Free pages:       14376kB (1664kB HighMem)
Active:7732 inactive:997712 dirty:318651 writeback:19911 unstable:0 free:3594
slab:25373 mapped:4437 pagetables:287
DMA free:12568kB min:16kB low:32kB high:48kB active:0kB inactive:0kB
present:16384kB pages_scanned:956193 all_unreclaimable? yes
protections[]: 0 0 0
Normal free:144kB min:928kB low:1856kB high:2784kB active:13180kB
inactive:741660kB present:901120kB pages_scanned:1127181 all_unreclaimable? yes
protections[]: 0 0 0
HighMem free:1664kB min:512kB low:1024kB high:1536kB active:17748kB
inactive:3249188kB present:3342336kB pages_scanned:0 all_unreclaimable? no
protections[]: 0 0 0
DMA: 2*4kB 4*8kB 3*16kB 2*32kB 4*64kB 1*128kB 1*256kB 1*512kB 1*1024kB 1*2048kB
2*4096kB = 12568kB
Normal: 0*4kB 0*8kB 1*16kB 0*32kB 0*64kB 1*128kB 0*256kB 0*512kB 0*1024kB
0*2048kB 0*4096kB = 144kB
HighMem: 34*4kB 35*8kB 12*16kB 5*32kB 2*64kB 4*128kB 1*256kB 0*512kB 0*1024kB
0*2048kB 0*4096kB = 1664kB
Swap cache: add 1182, delete 1180, find 289/456, race 0+0
0 bounce buffer pages
Free swap:       2096140kB
1064960 pages of RAM
819056 pages of HIGHMEM
26316 reserved pages
1007846 pages shared
2 pages swap cached
Out of Memory: Killed process 14657 (iozone).

Comment 11 Eli Stair 2006-09-21 16:40:52 UTC
Pinging this issue, as it's _still_ present in 2.6.18-rc7.

Most recently confirmed hardware:

2.6.18-rc7
Dual opteron 248
8GB RAM
36GB external journal on RAID1 U320 SCSI disks (15k RPM)
1.7T RAID5 mdadm data filesystem on dual-port 2GB (multipathing) FCAL JBOD tray
mounted RAID5 with 'commit=5' 'commit=30' 'commit=300'
mounted RAID5 with data=journal

Any combination of tuning options at my disposal result in an eventual CRASH
after oom-killer starts up.  Heavy loads are induced with iozone, bonnie++, NFS
serving to multiple test clients, etc.

Recreating the RAID5 without an external journal file resolves the issue 100%.

I don't know offhand how to confirm this, but it appears that as writes are
bound for the journal first before being read-back and written to main
filesystem... and writes are not commiting to the journal fast enough, thus
filling up main memory (triggering the oom-killer).

Write performance on the journal is about 75% of what is possible on the RAID5,
so I can see in some situation inbound data writes being backed up by journal
bottlenecks.  /IF/ that is the case, I don't see any way to make this a usable
scenario, short of having a journal device at least 2x faster than the main
filesystem AND capable of reads and writes almost simultaneously.  

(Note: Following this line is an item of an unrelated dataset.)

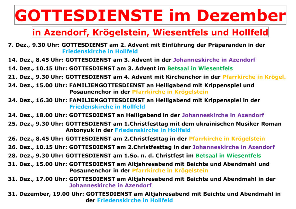 Die Gemeinden Azendorf, Hollfeld und Krögelstein haben einen gemeinsamen Gottesdienstplan. Es gibt vier Gotteshäuser: die Johanniskirche in Azendorf, die Friedenskirche in Hollfeld, die Pfarrkirche in Krögelstein, und der Betsaal in Wiesentfels. Im Sommer werden die Gottesdienste immer wieder mal im Freien gefeiert: in Krögelstein auf der Pfarrwiese über dem Pfarrhaus, in Hollfeld im Kirchhof der Friedenskirche und manchmal auch im Schlosshof in Wiesentfels. Wie Sie dort hinfinden, lesen Sie bitte unter „Kontakt“.

Is this ONLY feasible with a BB-RAM device as a journal blockdev?  I have been
able to use this successfully in only a few circumstances, when data writes are
sporadic/low-bandwidth and/or a slow RAID device is used for the main data
portion of the ext3 filesystem.

/eli

PS - as usual, stride/blocksize options on the ext3 volume make no difference in
performance.


Comment 12 Jiri Pallich 2012-06-20 16:56:42 UTC
Thank you for submitting this issue for consideration in Red Hat Enterprise Linux. The release for which you requested us to review is now End of Life. 
Please See https://access.redhat.com/support/policy/updates/errata/

If you would like Red Hat to re-consider your feature request for an active release, please re-open the request via appropriate support channels and provide additional supporting details about the importance of this issue.